▶ _YOUR ASSIGNMENT_
Could you copy exactly the lines below, beginning at the line with "Inizio del XIX" and stopping after the line with "双脚分开站立在健身球前方,双", with no pictures?

▶ _SOURCE DATA_
....................
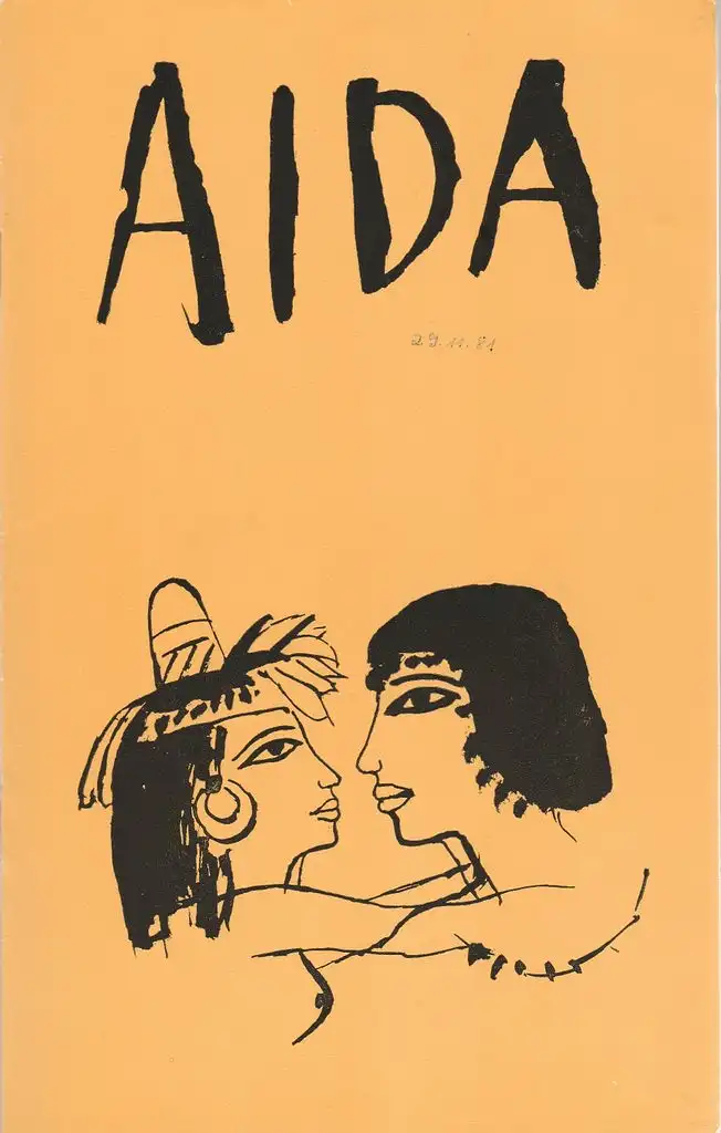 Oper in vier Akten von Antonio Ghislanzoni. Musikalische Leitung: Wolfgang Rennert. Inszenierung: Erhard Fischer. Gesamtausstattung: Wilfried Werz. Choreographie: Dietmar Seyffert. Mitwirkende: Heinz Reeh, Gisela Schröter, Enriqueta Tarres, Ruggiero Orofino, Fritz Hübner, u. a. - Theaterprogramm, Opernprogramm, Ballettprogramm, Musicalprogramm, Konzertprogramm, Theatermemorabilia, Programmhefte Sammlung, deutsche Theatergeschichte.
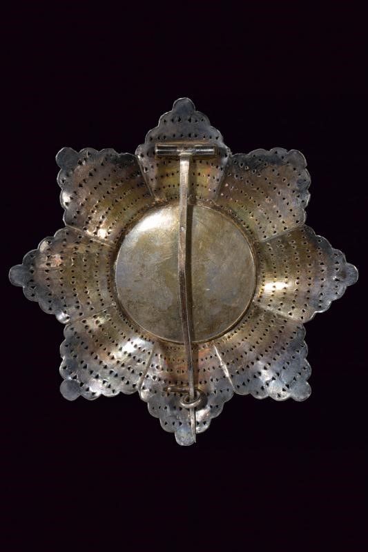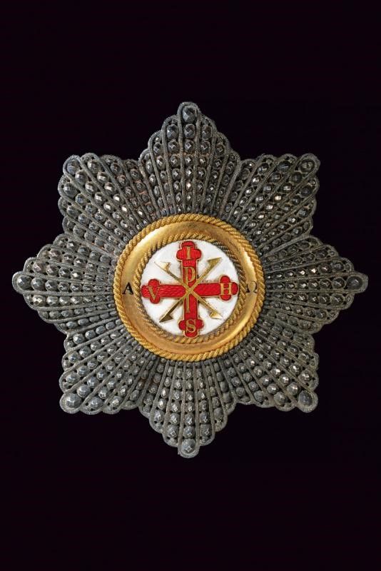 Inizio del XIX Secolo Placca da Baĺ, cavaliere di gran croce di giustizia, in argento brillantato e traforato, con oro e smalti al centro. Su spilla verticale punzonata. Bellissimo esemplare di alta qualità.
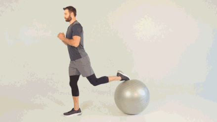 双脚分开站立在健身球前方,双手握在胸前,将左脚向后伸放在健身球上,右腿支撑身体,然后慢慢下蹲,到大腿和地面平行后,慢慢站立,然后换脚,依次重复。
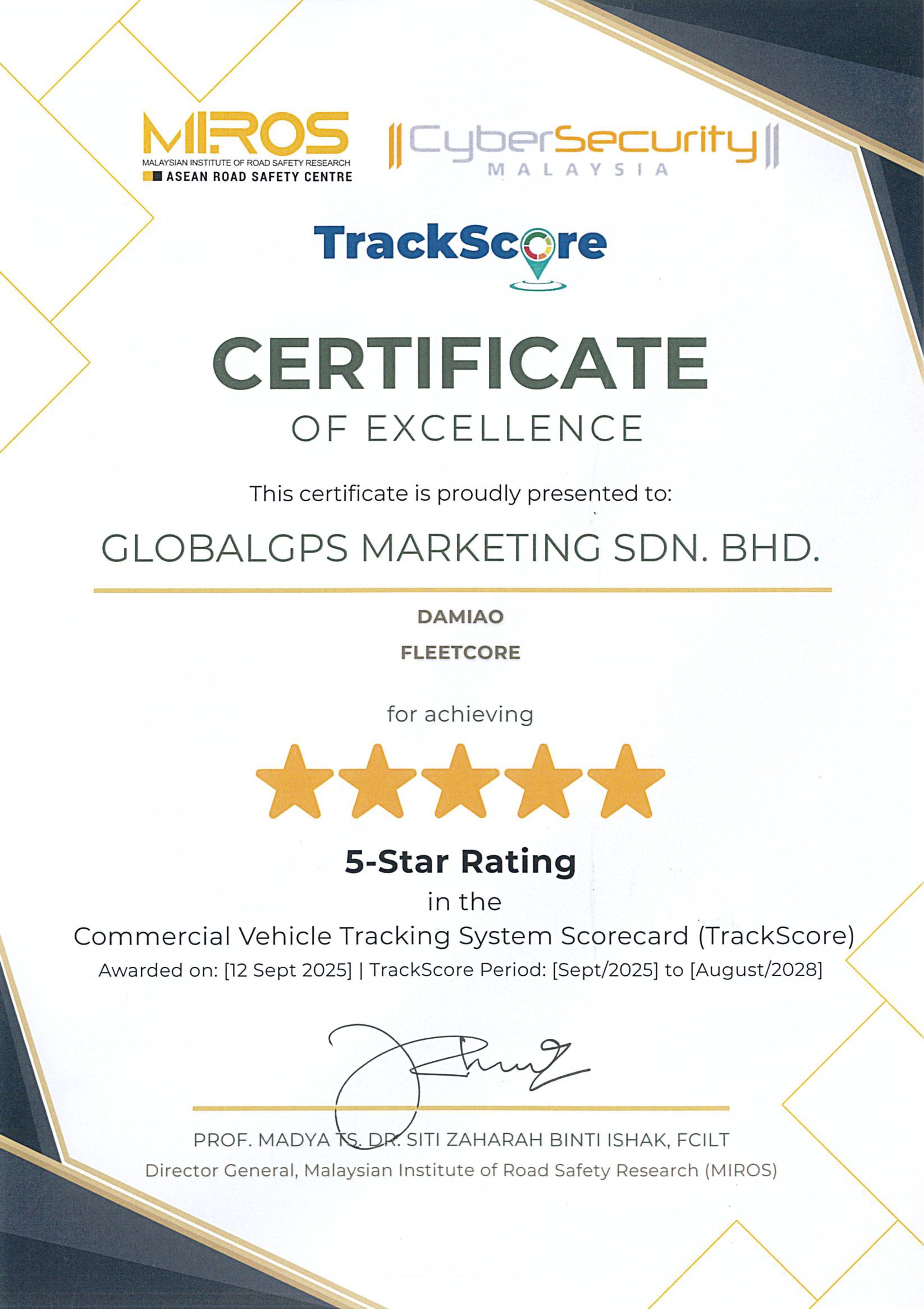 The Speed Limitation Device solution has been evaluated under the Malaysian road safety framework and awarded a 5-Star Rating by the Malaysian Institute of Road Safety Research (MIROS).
....................
▶ _SOLUTION_
 Inizio del XIX Secolo Placca da Baĺ, cavaliere di gran croce di giustizia, in argento brillantato e traforato, con oro e smalti al centro. Su spilla verticale punzonata. Bellissimo esemplare di alta qualità.
 双脚分开站立在健身球前方,双手握在胸前,将左脚向后伸放在健身球上,右腿支撑身体,然后慢慢下蹲,到大腿和地面平行后,慢慢站立,然后换脚,依次重复。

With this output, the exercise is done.